About this exercise
Your answer must be an exact copy of the listing, with the images left out.

Dataset content
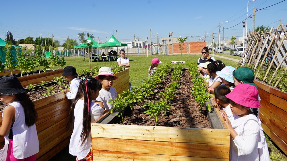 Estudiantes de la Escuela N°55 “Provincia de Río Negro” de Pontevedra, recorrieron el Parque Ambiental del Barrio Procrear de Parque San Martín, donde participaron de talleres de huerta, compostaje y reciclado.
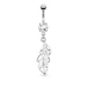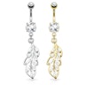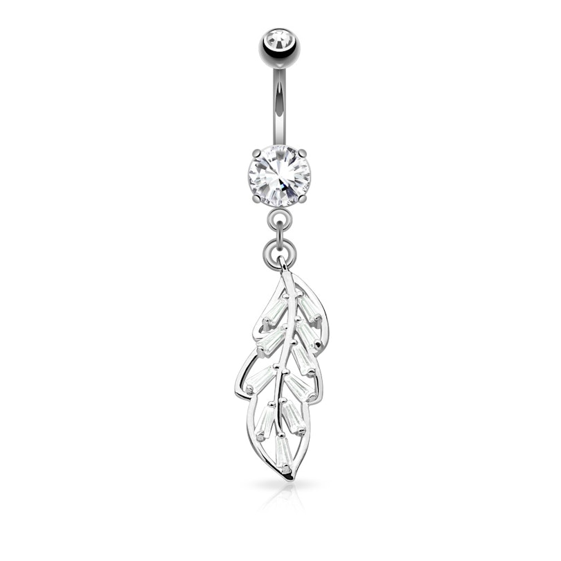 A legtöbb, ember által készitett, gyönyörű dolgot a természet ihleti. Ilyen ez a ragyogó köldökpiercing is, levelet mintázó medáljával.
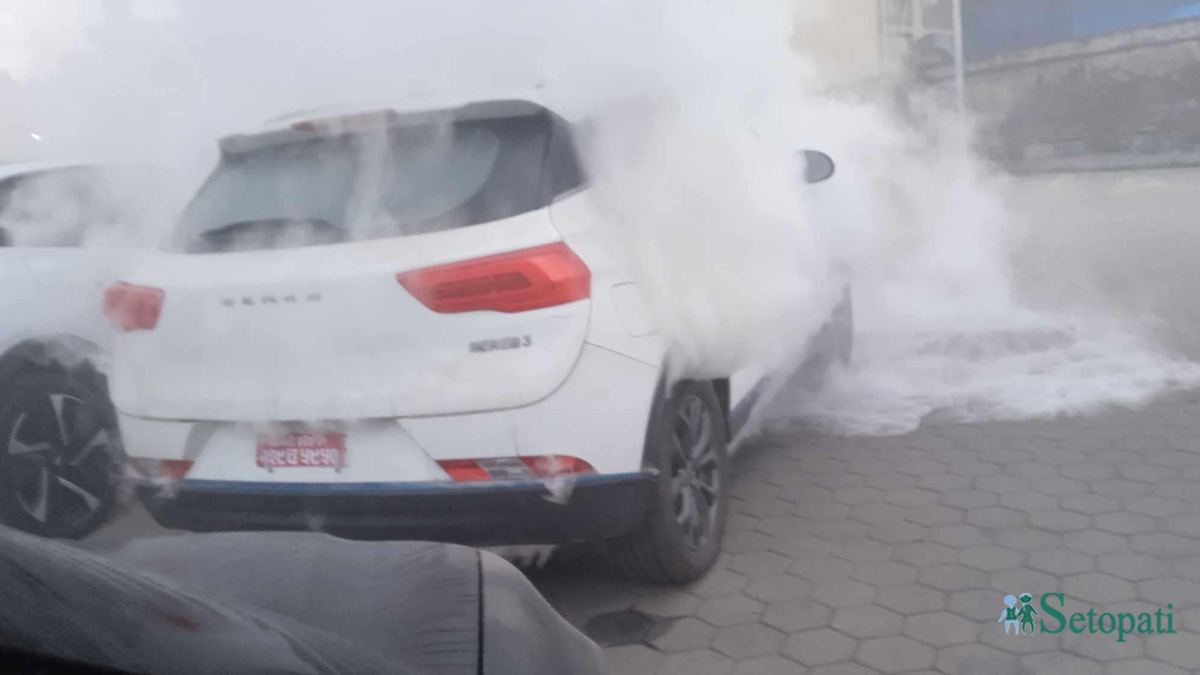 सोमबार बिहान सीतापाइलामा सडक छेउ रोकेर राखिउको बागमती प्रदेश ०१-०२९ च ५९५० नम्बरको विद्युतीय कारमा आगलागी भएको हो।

Response box
 Estudiantes de la Escuela N°55 “Provincia de Río Negro” de Pontevedra, recorrieron el Parque Ambiental del Barrio Procrear de Parque San Martín, donde participaron de talleres de huerta, compostaje y reciclado.
 A legtöbb, ember által készitett, gyönyörű dolgot a természet ihleti. Ilyen ez a ragyogó köldökpiercing is, levelet mintázó medáljával.
 सोमबार बिहान सीतापाइलामा सडक छेउ रोकेर राखिउको बागमती प्रदेश ०१-०२९ च ५९५० नम्बरको विद्युतीय कारमा आगलागी भएको हो।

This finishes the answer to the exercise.